Autoregressive Mixture Models for Dynamic Spatial Poisson Processes: Application to Tracking Intensity of Violent Crime

成果类型:
Article
署名作者:
Taddy, Matthew A.
署名单位:
University of Chicago
刊物名称:
JOURNAL OF THE AMERICAN STATISTICAL ASSOCIATION
ISSN/ISSBN:
0162-1459
DOI:
10.1198/jasa.2010.ap09655
发表日期:
2010
页码:
1403-1417
关键词:
point-processes dirichlet regression inference
摘要:
This article develops a set of tools for smoothing and prediction with dependent point event patterns. The methodology is motivated by the problem of tracking weekly maps of violent crime events, but is designed to be straightforward to adapt to a wide variety of alternative settings. In particular, a Bayesian semiparametric framework is introduced for modeling correlated time series of marked spatial Poisson processes. The likelihood is factored into two independent components: the set of total integrated intensities and a series of process densities. For the former it is assumed that Poisson intensities arc realizations from a dynamic linear model.

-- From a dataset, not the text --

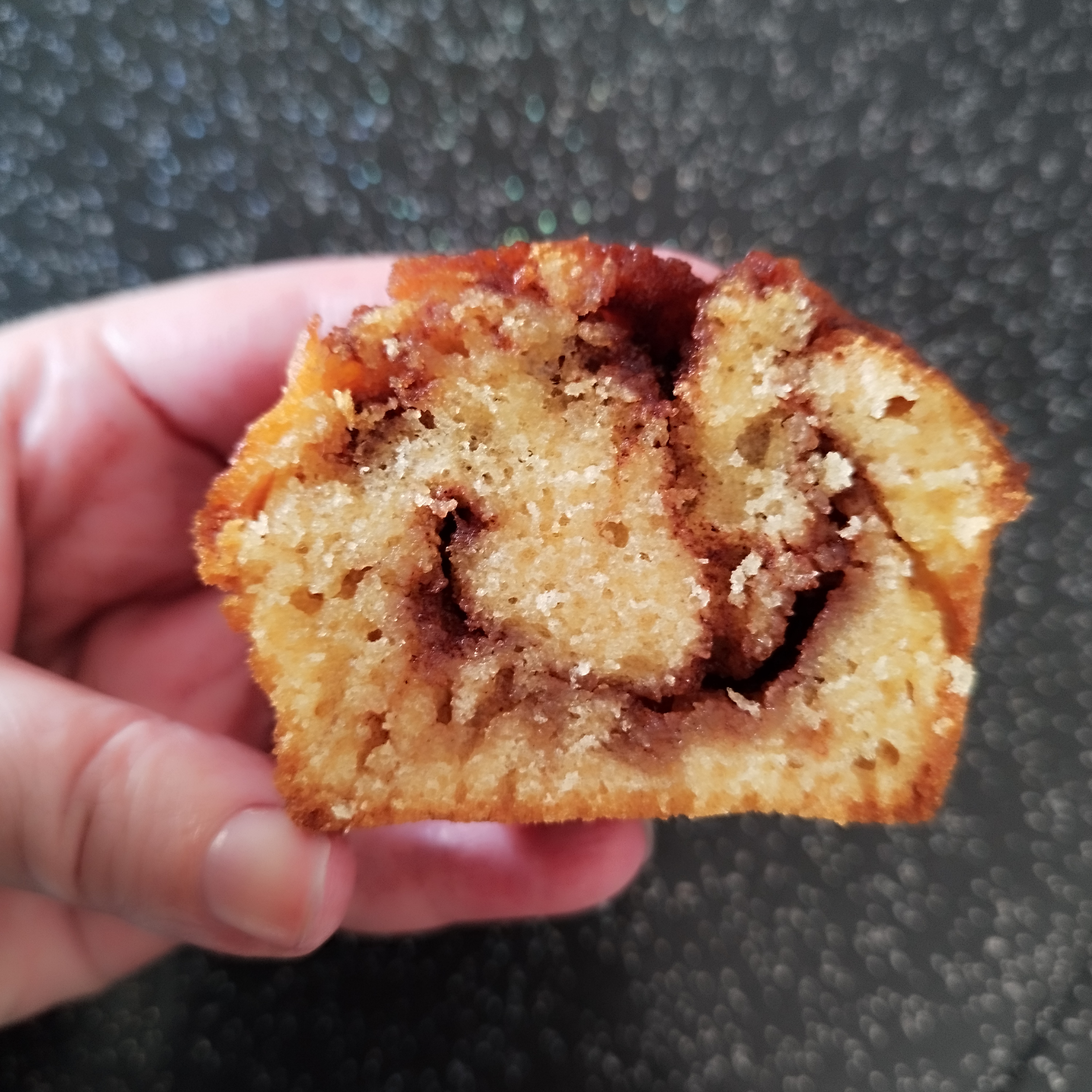 Après quelques péripéties en cuisine, il est temps de goûter ces jolis muffins. On les trouve vraiment très bons. C’est un joli clin d’œil aux cinnamon rolls. La pâte à la cannelle à l’intérieur est terrible ! Elle est ressortie un peu par le dessus, c’est une tuerie ! Ils sont bien moelleux comme annoncés et faciles à faire.

In the latter case, a novel class of dependent stick-breaking mixture models are proposed to allow nonparametric density estimates to evolve in discrete time. This, a simple and flexible new model for dependent random distributions, is based on autoregressive time series of marginally beta random variables applied as correlated stick-breaking proportions. The approach allows for marginal Dirichlet process priors at each time and adds only a single new correlation term to the static model specification. Sequential Monte Carlo algorithms are described for online inference with each model component, and marginal likelihood calculations form the basis for inference about parameters governing temporal dynamics. Simulated examples are provided to illustrate the methodology, and we close with results for the motivating application of tracking violent crime in Cincinnati.